Ouvert aux commentaires. Deux chapitres complémentaires de mon nouveau livre-manifeste.
LE MONDE TEL QU’IL EST
7. L’État de bien-être
Cet État-Providence, dont le deuxième terme de l’expression perd davantage son sens de jour en jour, nous est envié par d’innombrables êtres humains aux quatre coins de la planète, n’hésitant pas malheureusement trop souvent à mettre leur vie en jeu pour être admis au statut de l’un de ses bénéficiaires.
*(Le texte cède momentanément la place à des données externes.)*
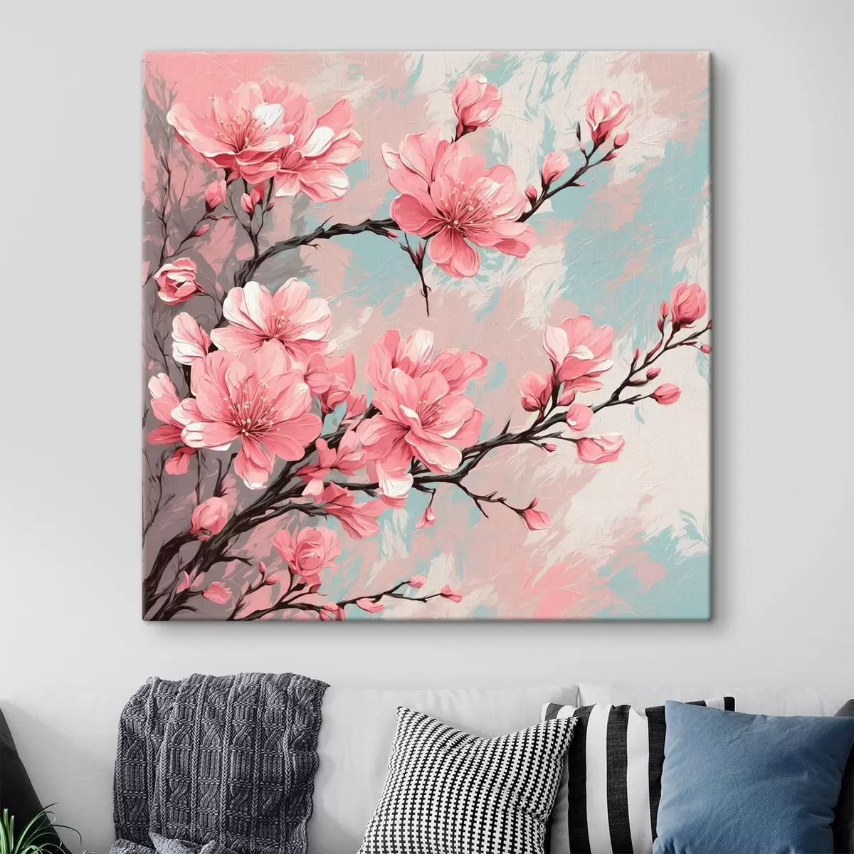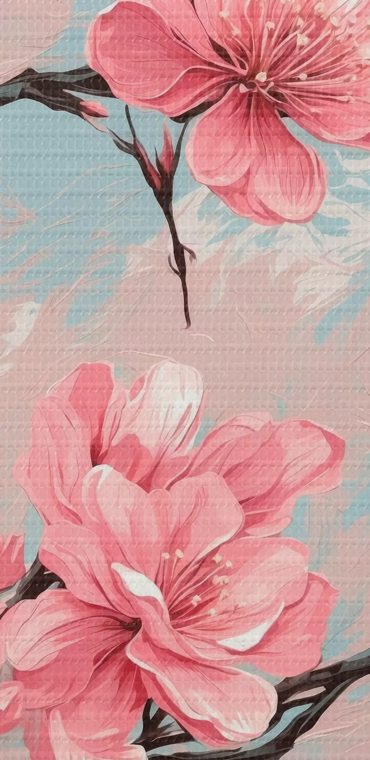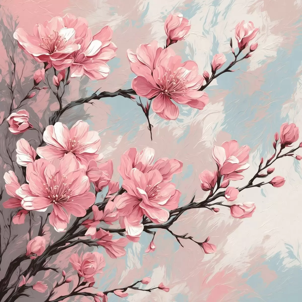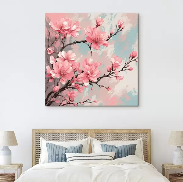 Picture Pink flowers and stems in acrylic painting style Nr s42918

L’État-Providence, qu’il faudrait appeler, plutôt que par ce terme de dérision, « État de bien-être », comme le font les Anglo-Saxons, est l’un des rares modèles de structure sociale à caractère véritablement humaniste. Nous devrions en être très fiers, car il a été construit au fil d’âpres luttes et représente à ce jour le creuset des nécessités propres à l’être humain, indéniables aussi à travers l’Histoire.
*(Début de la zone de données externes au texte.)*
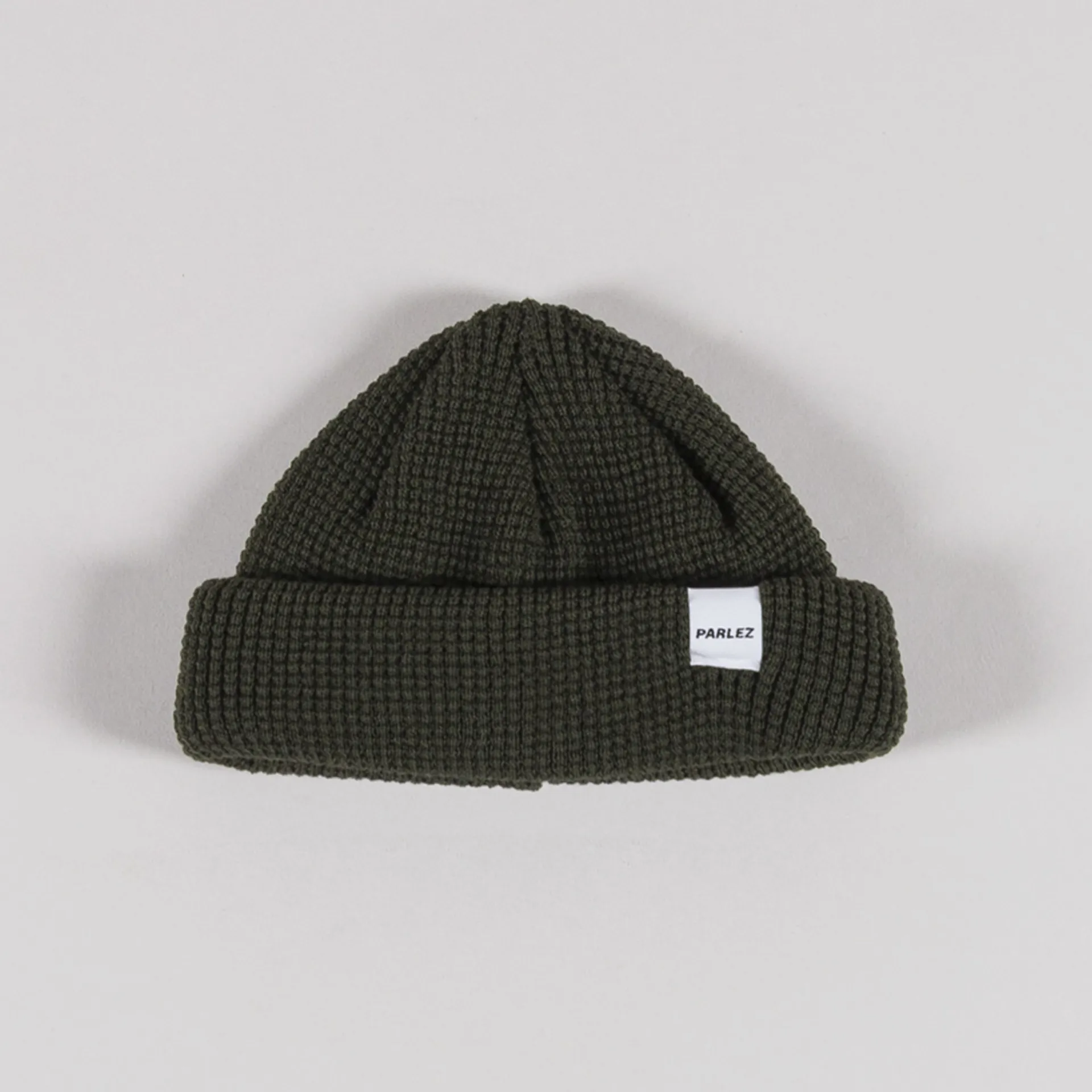 A short beanie from Parlez, constructed from soft merino wool in a waffle knit design. With a turned-up cuff and woven logo.

Sa construction s’est édifiée sur celle de la solidarité, valeur suprême qui nous a permis de forger notre destin. C’est par elle que nous avons franchi infiniment d’obstacles, tant au niveau de notre survie matérielle qu’au niveau de notre besoin – inhérent à notre condition d’être humain – d’appartenir à un groupe dans lequel nous pouvons reconnaître autrui et en être reconnus.
Cet État transcende l’appartenance laïque ou religieuse, il représente au mieux ce que sont les véritables droits de l’homme, tant critiqués et remis en cause aux temps sombres que nous vivons aujourd’hui. Ce berceau de notre identité s’efface devant les coups de boutoir que lui portent les ennemis de l’humanisme historique.
Nous le constatons d’abord au niveau matériel lorsque, malgré le travail de toute une vie, nous accédons à une retraite nous permettant à peine de subsister, alors que d’autres, habitués à l’oisiveté, jouissent d’une santé et d’un revenu défiant l’éternité.
Nous sommes fragilisés aussi lorsque, vivant dans des régions où des industries d’un autre âge ont disparu, nous sommes mis en demeure de trouver un emploi dont l’occurrence n’a qu’une faible probabilité car cette fonction pourrait de plus en plus souvent être assurée par une machine. Le devenir propre à l’Histoire s’est retourné contre nous, sans que nous puissions répondre, tant est répandu le préjugé que nous sommes, individuellement, responsables et redevables même de notre existence. Notre atomisation est extrême et nous nous demandons à quel titre nous pourrions encore nous rattacher à la société qui exige férocement de nous des comptes tout en nous acculant à l’isolement. Nous en arrivons à nous sentir inutiles et ce sentiment suscite en nous la tentation nihiliste de tout détruire autour de nous ou de disparaître nous-mêmes.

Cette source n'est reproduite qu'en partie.